1816 novel by Walter Scott

One of the Waverley Novels by Walter Scott, The Black Dwarf was part of his Tales of My Landlord, 1st series (1816). It is set in 1708, in the Scottish Borders, against the background of the first uprising to be attempted by the Jacobites after the Act of Union.

==Composition and sources==
On 30 April 1816 Scott signed a contract with William Blackwood for a four-volume work of fiction, and on 22 August James Ballantyne, Scott's printer and partner, indicated to Blackwood that it was to be entitled Tales of My Landlord which was planned to consist of four tales relating to four regions of Scotland. In the event the second tale, Old Mortality, expanded to take up the final three volumes, leaving The Black Dwarf as the only story to appear exactly as intended. It is not clear precisely when Scott began composition, but the tale was complete before the end of August.

For the historical background Scott was particularly indebted to two books: Memoirs Concerning the Affairs of Scotland by George Lockhart of Carnwath (1714), and The History of the Late Rebellion by Robert Patten (1717). He also drew extensively on the ballads he had edited in Minstrelsy of the Scottish Border (1802–03).

==Editions==
The Black Dwarf appeared as the first volume of Tales of My Landlord, published by Blackwood's in Edinburgh on 2 December 1816 and by John Murray in London three days later. As with all the Waverley novels before 1827 publication was anonymous. The title-page indicated that the Tales were 'collected and arranged by Jedediah Cleishbotham', reinforcing the sense of a new venture moving on from the first three novels with 'the Author of Waverley' and his publishers, Archibald Constable in Edinburgh and Longman, Hurst, Rees, Orme, and Brown in London. The print run was 2000, and the price £1 8s (£1.40). Two further editions with minor changes followed in the next two months. There is no clear evidence for authorial involvement in this, or in any of the novel's subsequent appearances except for the 18mo Novels and Tales (1823) and the 'Magnum' edition. Some of the small changes to the text in 1823 are probably by Scott, but that edition was a textual dead end. In the latter part of 1828 he provided the novel with an introduction and notes, and revised the text, for the Magnum edition in which it appeared in Volume 9 in February 1830.

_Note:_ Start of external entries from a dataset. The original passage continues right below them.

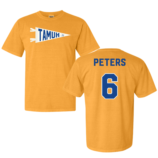 Texas A&M University-Kingsville Football Gold Pennant Comfort Colors Tee - #6 De'Marcus Peters
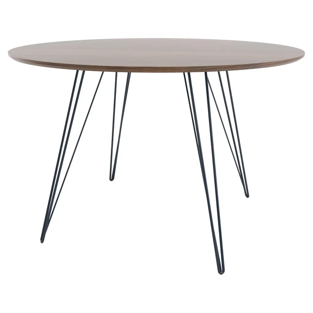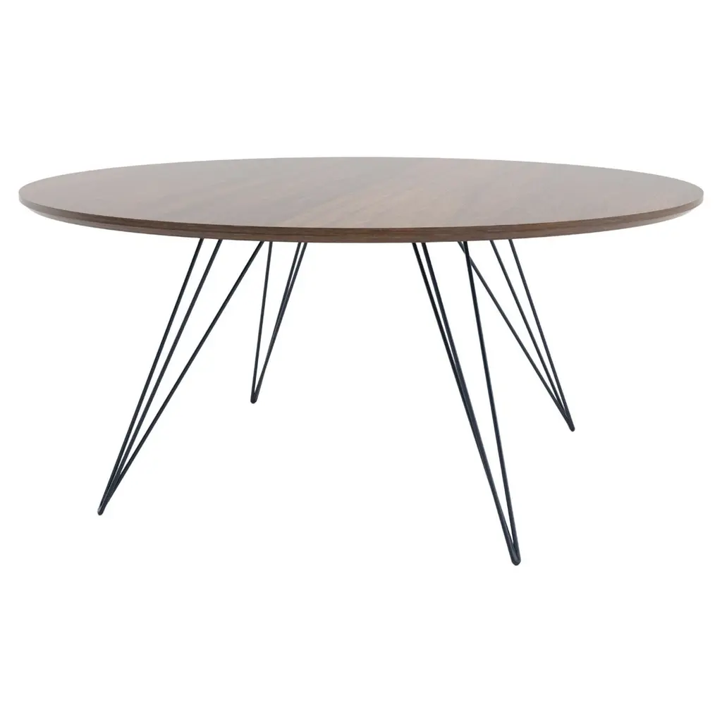 Walnut Williams Coffee Table Navy Hairpin Legs, Circle Top
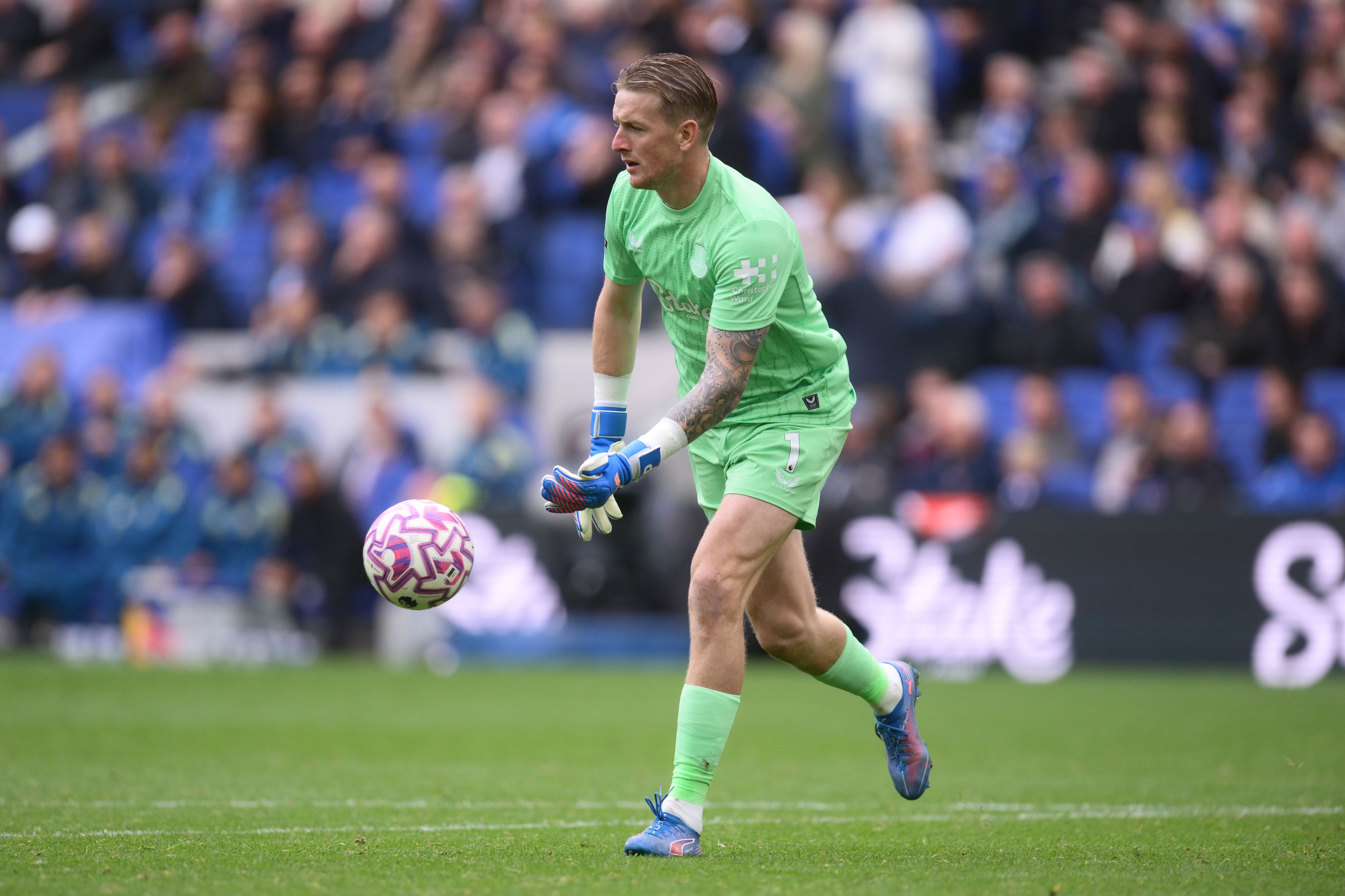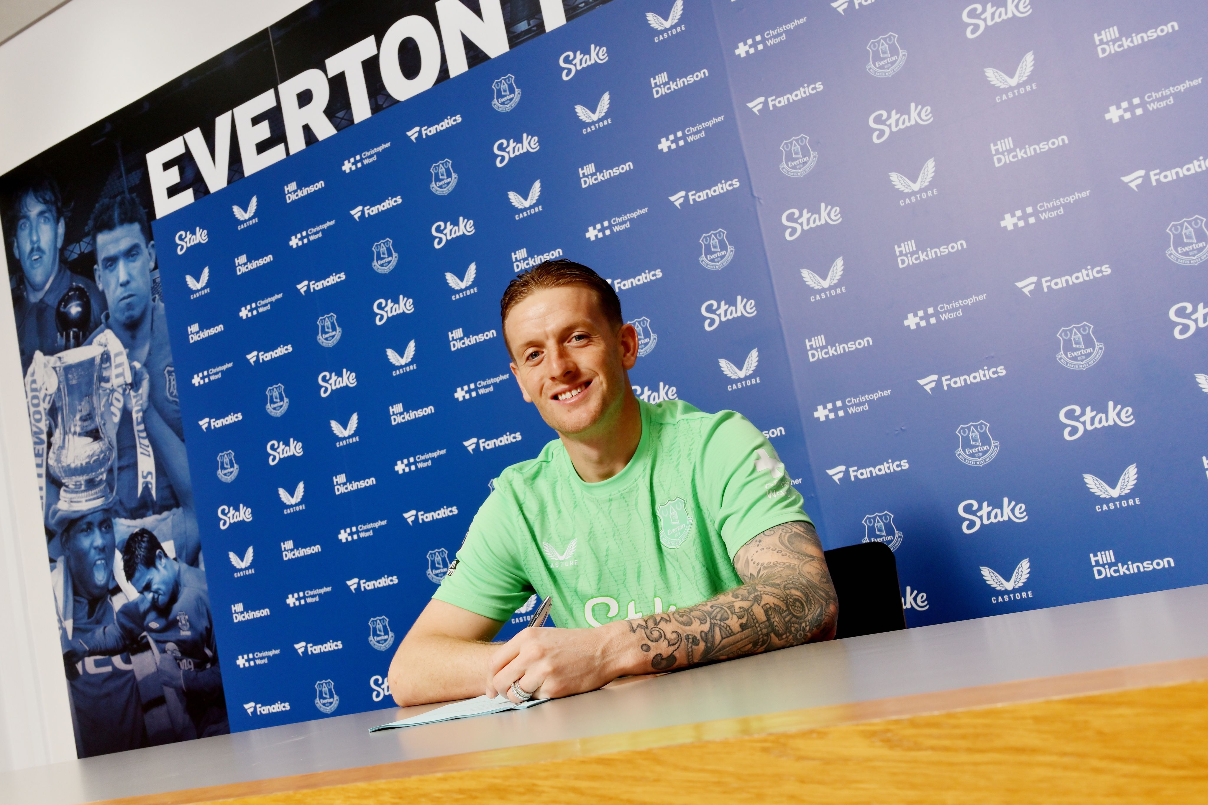 Jordan Pickford is sitting at the desk in Finch Farm’s media room, the ink from his signature still drying on a new four-year contract to keep him with Everton until the summer of 2029.
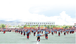 走進拉孜鎮(zhèn)中心小學(xué),伴隨著課間操音樂,孩子們或旋轉(zhuǎn)或跳躍,朝氣蓬勃。作為西藏自治區(qū)首批“非遺特色縣”,拉孜縣將非物質(zhì)文化遺產(chǎn)拉孜堆諧改編成堆諧操,并在校園推廣。
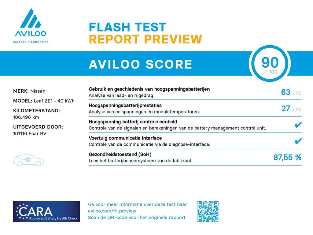 Press the accelerator and feel the phenomenal power of the electric motor. In an electric car you drive dynamically and relaxed at the same time. This Nissan LEAF is from the year 2018 and has 106496 kilometers on the counter. Silent enjoyment at low costs? Then this electric motor is something for you! High-quality comfort functions such as seat heating, heated rear seat and a heated steering wheel make this car an exceptional choice. Also 17 inch alloy wheels, LED headlights, electrically folding exterior mirrors, dark tinted glass at the rear, split folding rear seat and LED taillights are on board.

The standard modern edition, by P. D. Garside, was published as Volume 4a of the Edinburgh Edition of the Waverley Novels in 1993: this is based on the first edition with emendations from manuscript and the editions immediately following the initial publication; the 'Magnum' material appears in Volume 25a.

==Plot introduction==
The story is set just after the Union of Scotland and England (1707), in the Liddesdale hills of the Scottish Borders, familiar to Scott from his work collecting ballads for Minstrelsy of the Scottish Border. Castleton and Westburnflat, named in the story, are actual places. The main character is based on David Ritchie, whom Scott met in the autumn of 1797. In the tale, the dwarf is Sir Edward Mauley, a hermit regarded by the locals as being in league with the Devil, who becomes embroiled in a complex tale of love, revenge, betrayal, Jacobite schemes and a threatened forced marriage. Scott began the novel well, "but tired of the ground I had trode so often before ... I quarrelled with my story, & bungled up a conclusion."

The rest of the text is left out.